**** Extracted material ****

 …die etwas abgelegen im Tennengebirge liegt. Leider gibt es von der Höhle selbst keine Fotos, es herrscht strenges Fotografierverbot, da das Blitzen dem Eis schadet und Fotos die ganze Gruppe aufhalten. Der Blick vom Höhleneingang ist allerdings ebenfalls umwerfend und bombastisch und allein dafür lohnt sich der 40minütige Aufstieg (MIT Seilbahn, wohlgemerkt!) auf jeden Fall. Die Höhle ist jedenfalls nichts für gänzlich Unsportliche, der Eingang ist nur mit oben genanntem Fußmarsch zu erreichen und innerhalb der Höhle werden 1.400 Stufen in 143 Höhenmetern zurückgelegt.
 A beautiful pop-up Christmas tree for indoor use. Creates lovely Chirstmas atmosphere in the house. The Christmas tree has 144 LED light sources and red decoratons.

****
**** Extracted material ****

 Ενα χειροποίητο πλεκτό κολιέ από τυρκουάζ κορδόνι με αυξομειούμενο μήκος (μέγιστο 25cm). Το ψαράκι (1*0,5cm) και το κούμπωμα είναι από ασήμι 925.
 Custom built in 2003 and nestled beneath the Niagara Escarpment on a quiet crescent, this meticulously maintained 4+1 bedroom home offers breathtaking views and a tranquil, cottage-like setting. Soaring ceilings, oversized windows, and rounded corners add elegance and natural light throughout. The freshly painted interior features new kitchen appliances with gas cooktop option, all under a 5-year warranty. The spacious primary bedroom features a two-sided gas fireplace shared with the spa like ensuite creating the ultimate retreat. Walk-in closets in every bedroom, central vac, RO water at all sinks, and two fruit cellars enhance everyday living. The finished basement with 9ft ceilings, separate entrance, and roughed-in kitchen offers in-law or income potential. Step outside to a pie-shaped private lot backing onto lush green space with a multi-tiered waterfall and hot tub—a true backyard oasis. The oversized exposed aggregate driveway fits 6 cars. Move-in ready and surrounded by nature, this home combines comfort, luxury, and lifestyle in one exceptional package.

****

[Work required]: Of the lines in the data, report each one containing the string "light".

[Result of this exercise]:
 A beautiful pop-up Christmas tree for indoor use. Creates lovely Chirstmas atmosphere in the house. The Christmas tree has 144 LED light sources and red decoratons.
 Custom built in 2003 and nestled beneath the Niagara Escarpment on a quiet crescent, this meticulously maintained 4+1 bedroom home offers breathtaking views and a tranquil, cottage-like setting. Soaring ceilings, oversized windows, and rounded corners add elegance and natural light throughout. The freshly painted interior features new kitchen appliances with gas cooktop option, all under a 5-year warranty. The spacious primary bedroom features a two-sided gas fireplace shared with the spa like ensuite creating the ultimate retreat. Walk-in closets in every bedroom, central vac, RO water at all sinks, and two fruit cellars enhance everyday living. The finished basement with 9ft ceilings, separate entrance, and roughed-in kitchen offers in-law or income potential. Step outside to a pie-shaped private lot backing onto lush green space with a multi-tiered waterfall and hot tub—a true backyard oasis. The oversized exposed aggregate driveway fits 6 cars. Move-in ready and surrounded by nature, this home combines comfort, luxury, and lifestyle in one exceptional package.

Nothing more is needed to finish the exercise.